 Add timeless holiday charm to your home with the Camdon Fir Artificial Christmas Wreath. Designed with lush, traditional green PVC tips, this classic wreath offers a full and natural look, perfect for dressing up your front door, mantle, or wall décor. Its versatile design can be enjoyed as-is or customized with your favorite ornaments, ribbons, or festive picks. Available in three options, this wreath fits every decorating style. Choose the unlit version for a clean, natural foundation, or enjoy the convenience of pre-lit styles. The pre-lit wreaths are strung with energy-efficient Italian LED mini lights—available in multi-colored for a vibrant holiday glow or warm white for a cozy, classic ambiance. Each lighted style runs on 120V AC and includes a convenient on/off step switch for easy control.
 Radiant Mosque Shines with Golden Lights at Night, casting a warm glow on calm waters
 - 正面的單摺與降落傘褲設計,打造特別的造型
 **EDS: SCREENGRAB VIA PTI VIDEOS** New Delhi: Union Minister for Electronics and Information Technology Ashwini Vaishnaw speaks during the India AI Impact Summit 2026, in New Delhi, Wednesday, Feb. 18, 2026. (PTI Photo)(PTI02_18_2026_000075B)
==
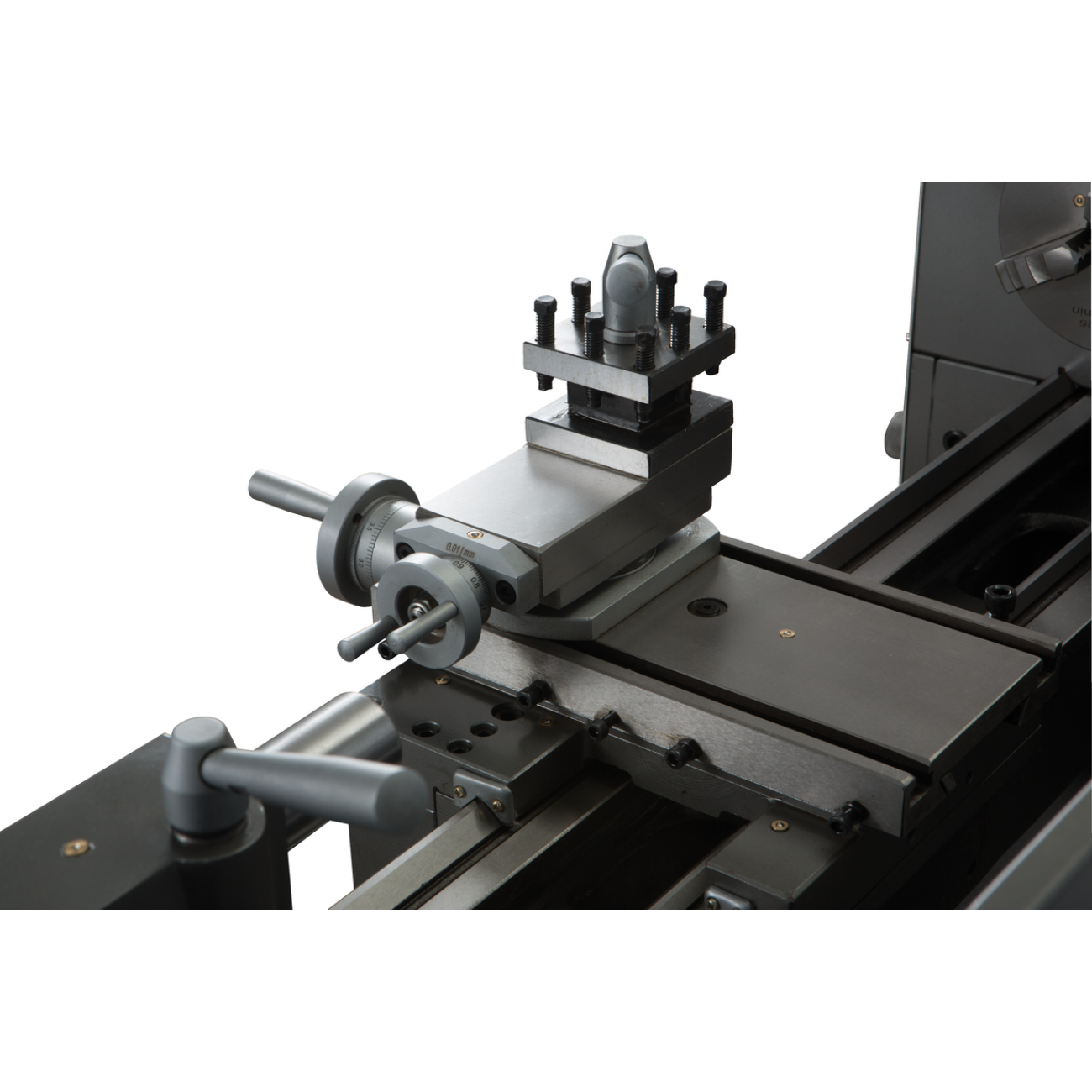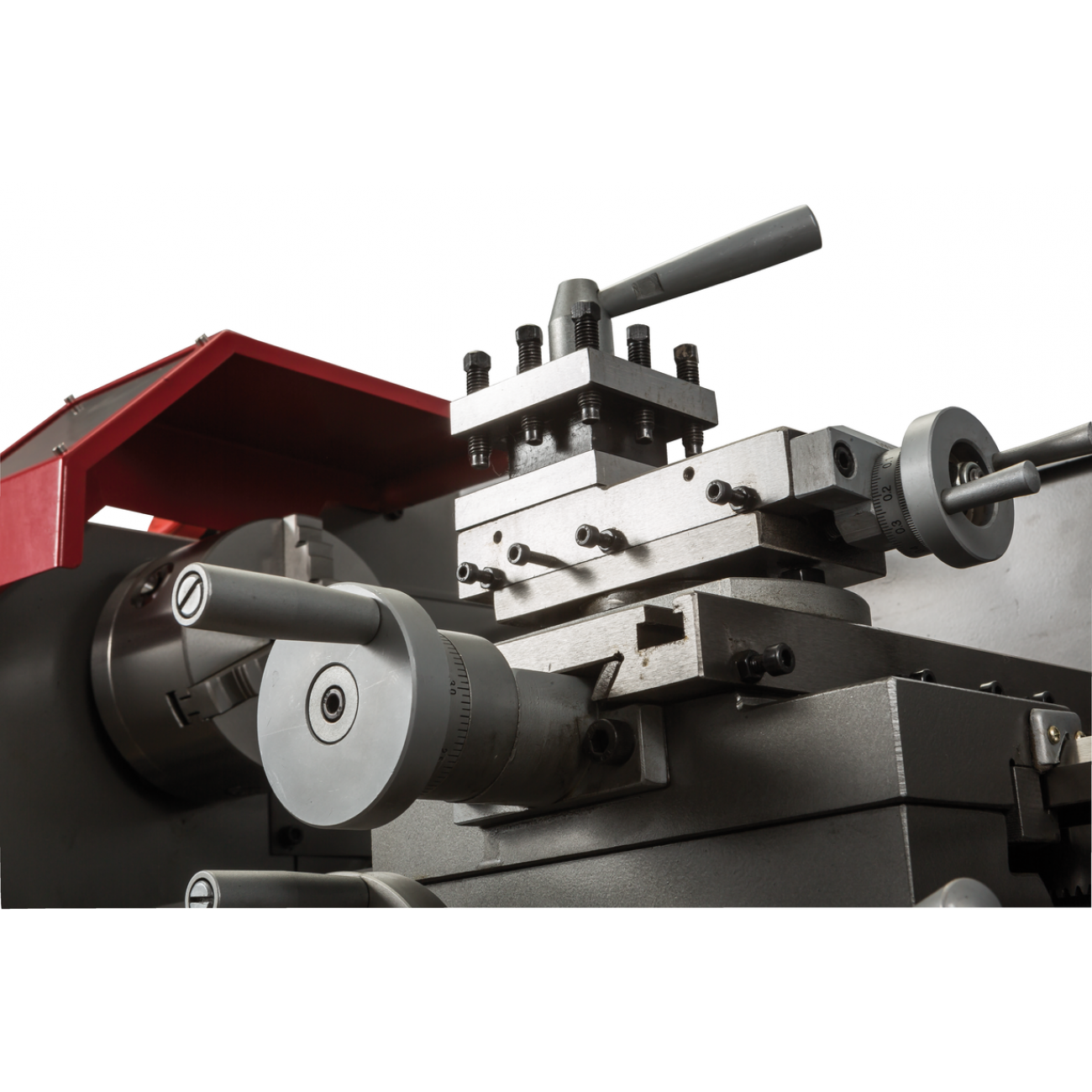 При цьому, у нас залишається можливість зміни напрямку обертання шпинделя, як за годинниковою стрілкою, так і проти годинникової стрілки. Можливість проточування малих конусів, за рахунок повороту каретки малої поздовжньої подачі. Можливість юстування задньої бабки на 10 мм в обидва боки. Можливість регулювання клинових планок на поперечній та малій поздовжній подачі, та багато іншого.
---
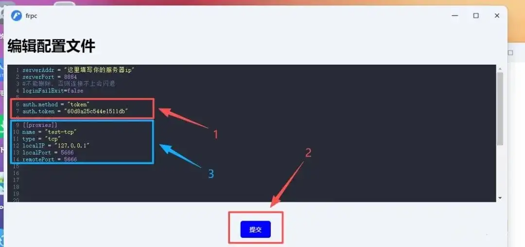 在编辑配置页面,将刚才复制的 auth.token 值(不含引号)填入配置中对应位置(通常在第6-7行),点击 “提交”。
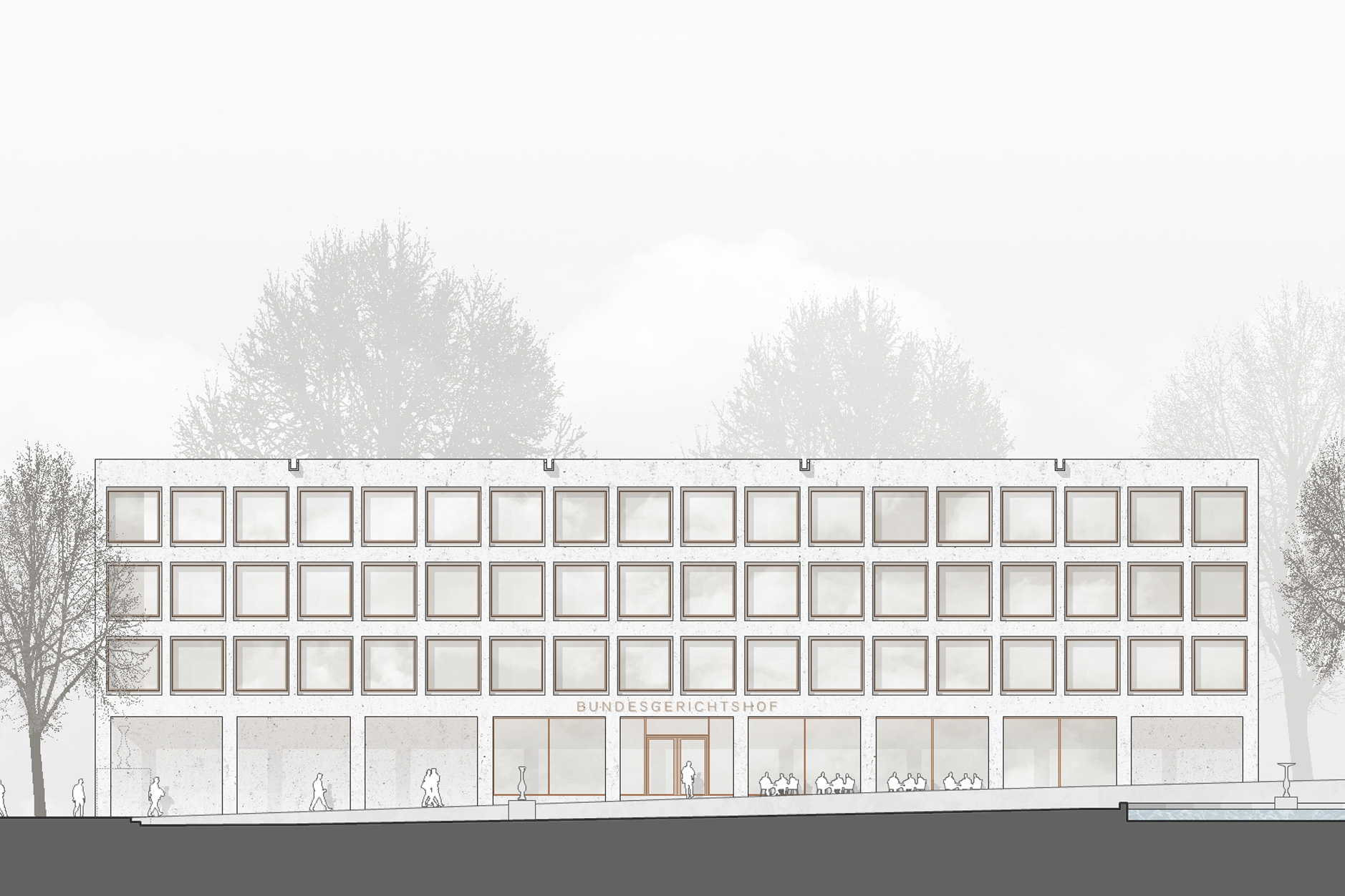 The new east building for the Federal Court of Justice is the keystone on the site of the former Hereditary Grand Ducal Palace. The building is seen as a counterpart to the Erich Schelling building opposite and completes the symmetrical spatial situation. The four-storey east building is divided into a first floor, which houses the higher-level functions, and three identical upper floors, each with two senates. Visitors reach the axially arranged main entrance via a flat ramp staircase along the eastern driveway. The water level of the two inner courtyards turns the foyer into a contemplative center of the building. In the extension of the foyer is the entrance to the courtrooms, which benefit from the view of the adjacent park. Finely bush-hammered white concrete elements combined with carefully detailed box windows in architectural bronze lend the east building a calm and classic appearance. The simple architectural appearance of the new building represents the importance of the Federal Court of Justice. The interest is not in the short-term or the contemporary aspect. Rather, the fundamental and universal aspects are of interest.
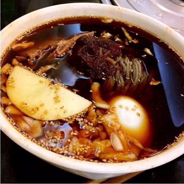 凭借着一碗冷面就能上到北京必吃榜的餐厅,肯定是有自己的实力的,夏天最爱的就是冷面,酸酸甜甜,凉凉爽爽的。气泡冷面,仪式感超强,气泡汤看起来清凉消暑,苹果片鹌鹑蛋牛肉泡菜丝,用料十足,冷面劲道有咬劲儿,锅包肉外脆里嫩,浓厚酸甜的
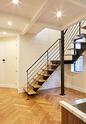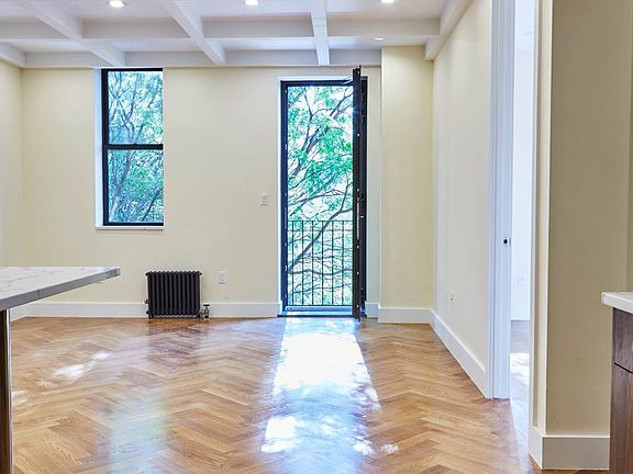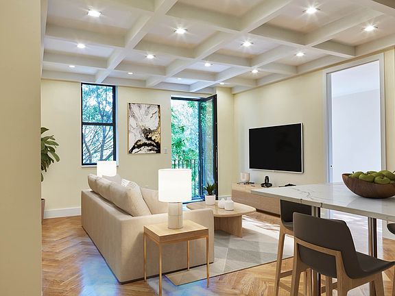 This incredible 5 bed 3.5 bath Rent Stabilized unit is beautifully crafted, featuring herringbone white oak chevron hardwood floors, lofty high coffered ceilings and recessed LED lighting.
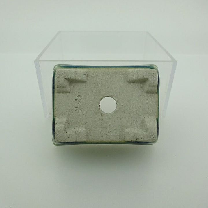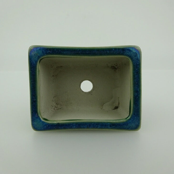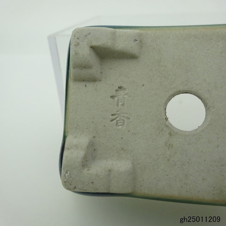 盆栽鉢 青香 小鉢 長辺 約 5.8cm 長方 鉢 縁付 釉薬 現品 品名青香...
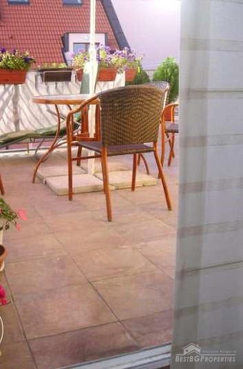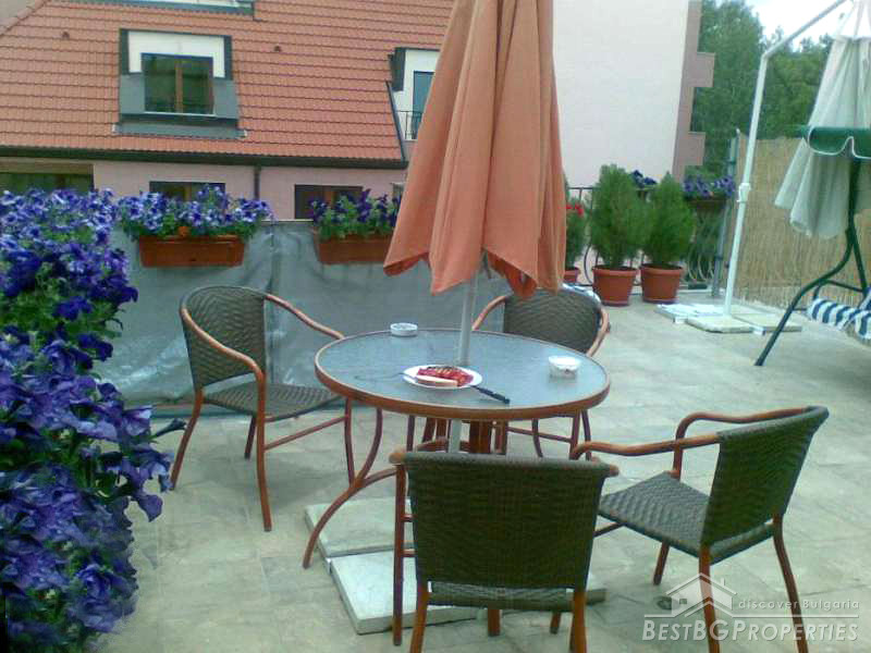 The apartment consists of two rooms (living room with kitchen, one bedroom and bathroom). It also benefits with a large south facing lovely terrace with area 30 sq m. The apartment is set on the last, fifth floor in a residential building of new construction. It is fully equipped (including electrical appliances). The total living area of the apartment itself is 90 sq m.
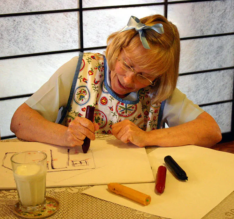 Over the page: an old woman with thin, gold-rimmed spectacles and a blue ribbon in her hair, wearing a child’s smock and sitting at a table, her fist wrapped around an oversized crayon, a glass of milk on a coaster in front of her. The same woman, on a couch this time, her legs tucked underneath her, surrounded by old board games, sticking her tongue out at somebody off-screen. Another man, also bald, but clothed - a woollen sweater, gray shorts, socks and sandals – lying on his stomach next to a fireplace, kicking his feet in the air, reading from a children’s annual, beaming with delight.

Exercise instructions —
Within the listing above, copy exactly the lines that start at the one with "The apartment consists" and continue through the one with "Over the page: an". Omit pictures.

Exercise output —
 The apartment consists of two rooms (living room with kitchen, one bedroom and bathroom). It also benefits with a large south facing lovely terrace with area 30 sq m. The apartment is set on the last, fifth floor in a residential building of new construction. It is fully equipped (including electrical appliances). The total living area of the apartment itself is 90 sq m.
 Over the page: an old woman with thin, gold-rimmed spectacles and a blue ribbon in her hair, wearing a child’s smock and sitting at a table, her fist wrapped around an oversized crayon, a glass of milk on a coaster in front of her. The same woman, on a couch this time, her legs tucked underneath her, surrounded by old board games, sticking her tongue out at somebody off-screen. Another man, also bald, but clothed - a woollen sweater, gray shorts, socks and sandals – lying on his stomach next to a fireplace, kicking his feet in the air, reading from a children’s annual, beaming with delight.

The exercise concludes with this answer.